> _PROMPT_: Give again, word for word, only the lines of the material below from its first line through the one that holds "Пересадка листиков фиалок"; pictures stay out.

======== DATASET RECORDS ========

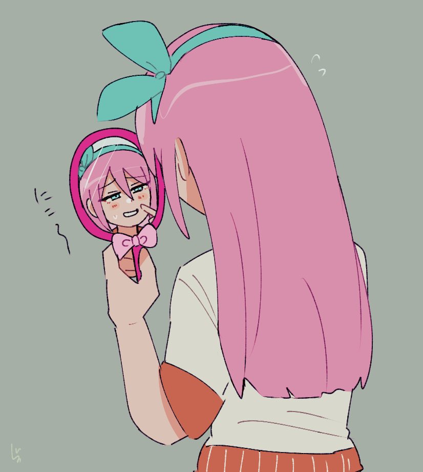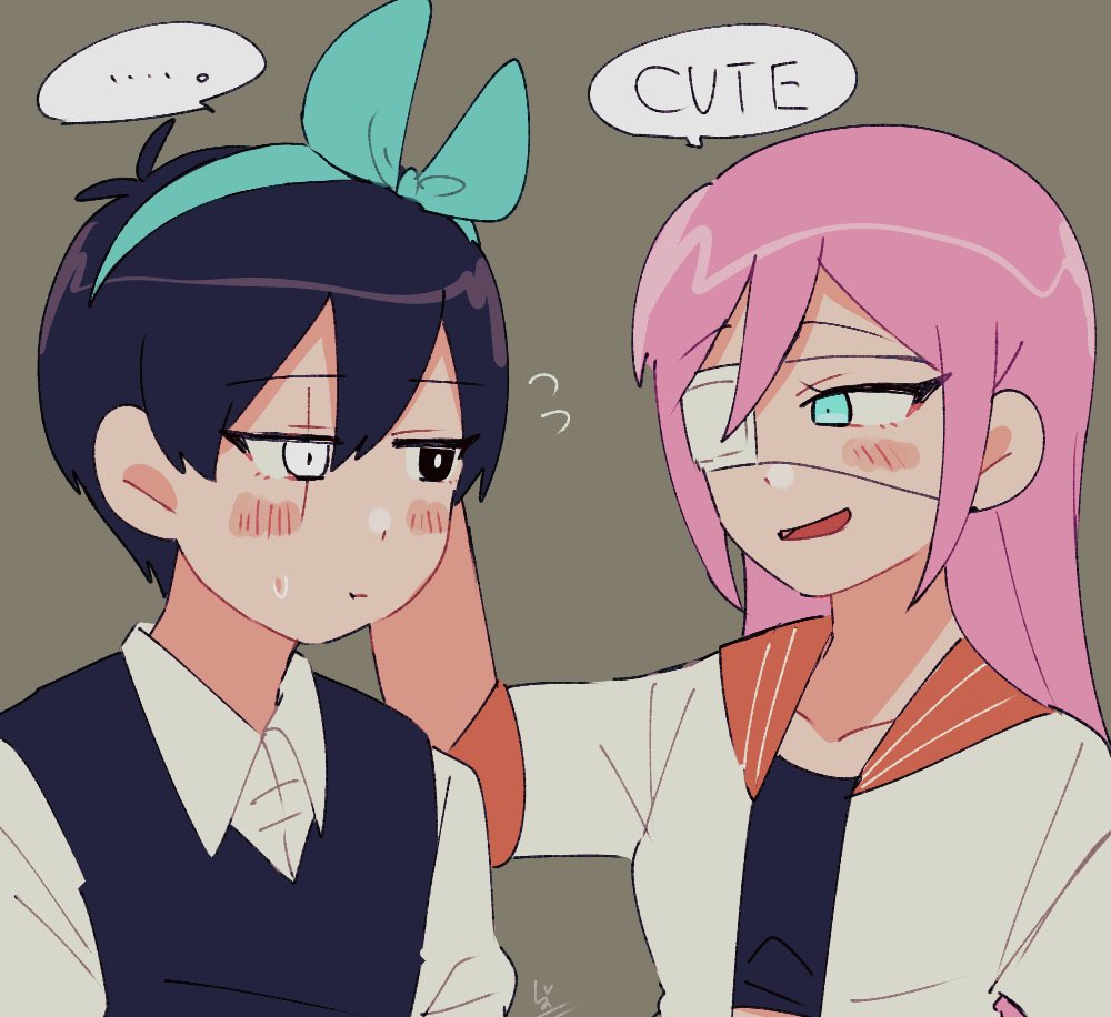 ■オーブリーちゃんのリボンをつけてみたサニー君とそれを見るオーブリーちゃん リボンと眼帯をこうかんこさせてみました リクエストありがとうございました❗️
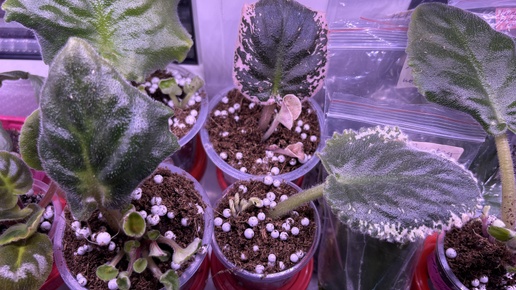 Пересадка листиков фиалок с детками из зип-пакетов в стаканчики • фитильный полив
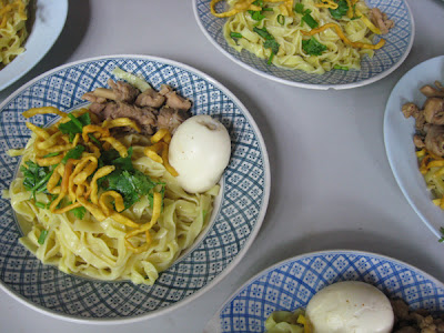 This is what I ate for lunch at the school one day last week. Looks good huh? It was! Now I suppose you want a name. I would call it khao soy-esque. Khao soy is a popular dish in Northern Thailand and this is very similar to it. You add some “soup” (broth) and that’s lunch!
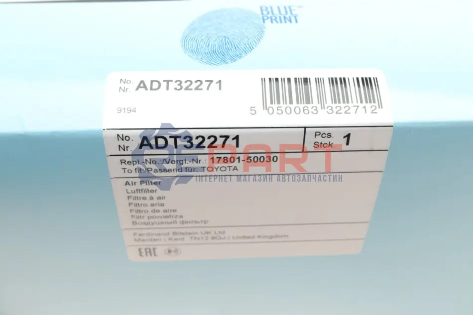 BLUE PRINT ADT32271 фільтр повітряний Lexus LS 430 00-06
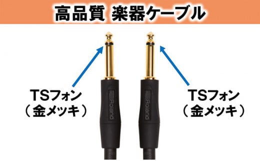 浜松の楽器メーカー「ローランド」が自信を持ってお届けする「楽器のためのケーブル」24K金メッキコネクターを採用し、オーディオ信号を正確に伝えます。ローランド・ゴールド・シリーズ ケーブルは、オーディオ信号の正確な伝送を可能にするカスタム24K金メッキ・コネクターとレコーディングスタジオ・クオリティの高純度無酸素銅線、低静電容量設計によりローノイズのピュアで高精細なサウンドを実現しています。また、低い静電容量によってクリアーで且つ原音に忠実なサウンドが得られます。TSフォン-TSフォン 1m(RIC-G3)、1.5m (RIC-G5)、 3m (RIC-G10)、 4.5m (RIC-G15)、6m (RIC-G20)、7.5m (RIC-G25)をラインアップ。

========

> _SOLUTION_:
 ■オーブリーちゃんのリボンをつけてみたサニー君とそれを見るオーブリーちゃん リボンと眼帯をこうかんこさせてみました リクエストありがとうございました❗️
 Пересадка листиков фиалок с детками из зип-пакетов в стаканчики • фитильный полив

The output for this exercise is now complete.